In fact, it was those scenes with Cox that helped D’Onofrio find his latest take on Kingpin. They became an anchor point for him.

“The key thing was that we wanted to be able to show this kind of, I want to use the word ‘normal,’ but obviously it’s not normal, because you’re dealing with assassins and stuff like that,” D’Onofrio said, chuckling. “But the idea was to have this kind of domestic situation, where [it’s] just a relationship between a father and a daughter. And the sense of that, and the sense of how that happens in real life with people, but then put that feeling into our story.”
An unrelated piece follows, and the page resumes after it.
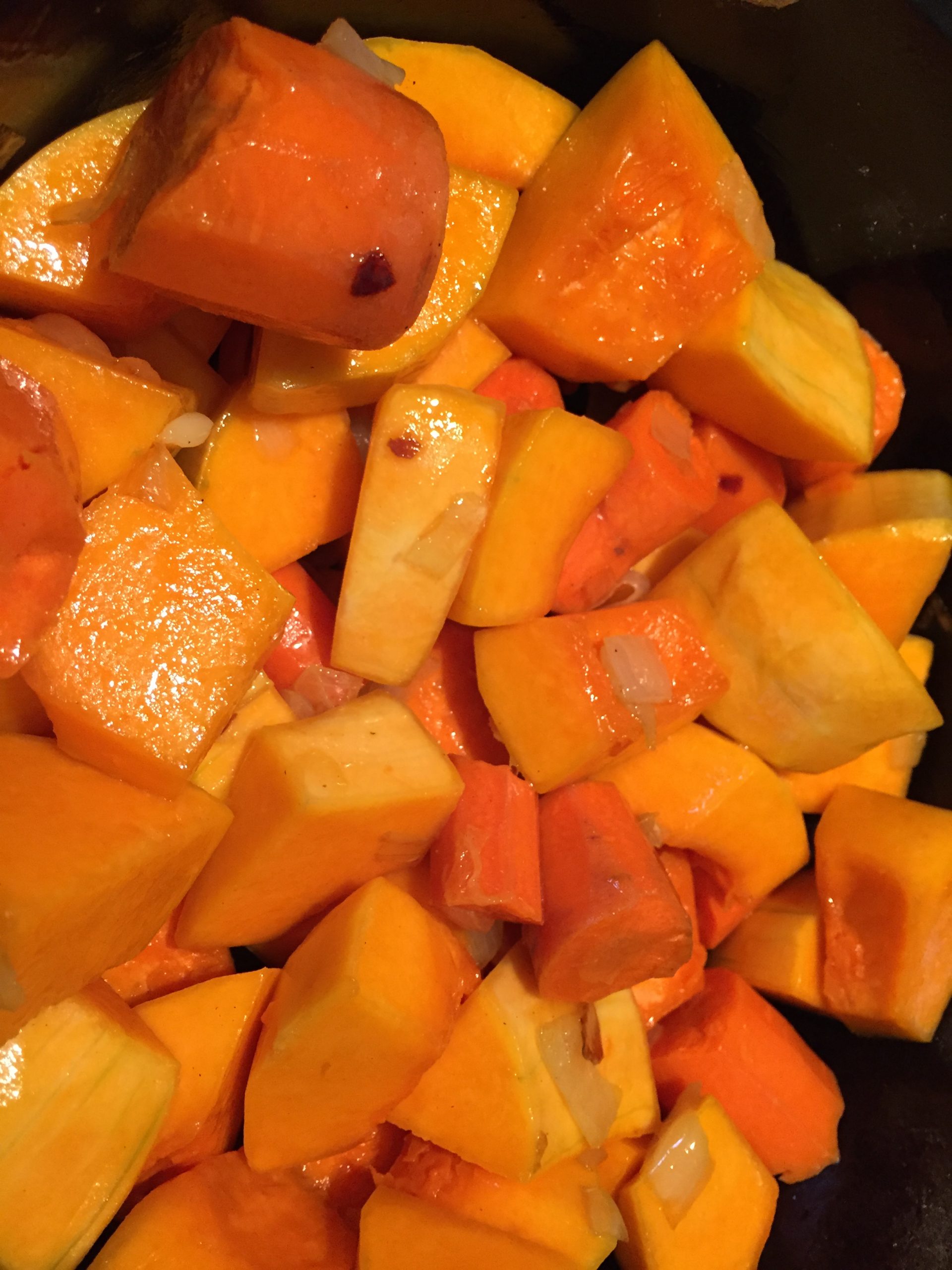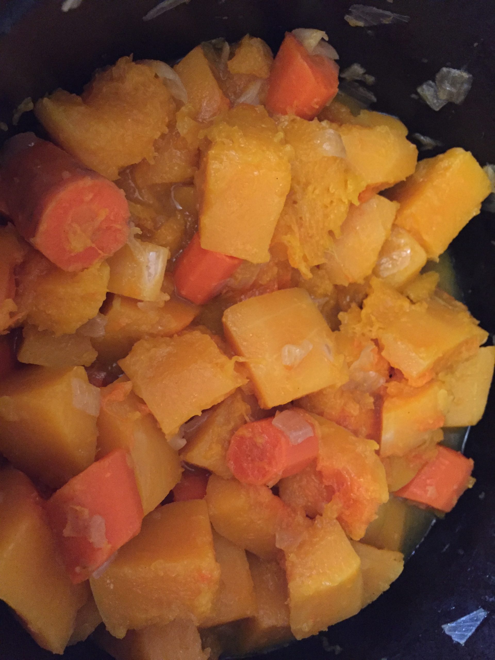 In order to get a rich taste for this butternut squash soup, I caramelize the vegetables with a mixture of butter and olive oil. Heat the olive oil in the pan first before adding the butter. Since the butter has a lower smoke point than olive oil, the temperature at which an oil starts to burn and smoke, it is good to combine the two fats in order to caramelize the vegetables without burning the butter. NO liquid is added when the vegetables are cooking to maximize the butternut taste and sweetness of the vegetables.

D’Onofrio was well aware of the actual comic lore between Maya Lopez and Kingpin, so his discussions with Freeland largely centered on how to elevate that emotional link between the two. In the end, the process actually ended up being pretty familiar to the actor.

“It’s the way we approached the Netflix series of ‘Daredevil.’ That’s how we do it,” D’Onofrio said. “There is the whole world of the MCU happening, but we’re telling an on-the-ground, gritty story, emotional story, just like we did in the Netflix series. A very different story, but it has that same tone. It’s a good way to work. I like it.”

“Echo” will release all five episodes on Disney+ and Hulu on Jan. 9.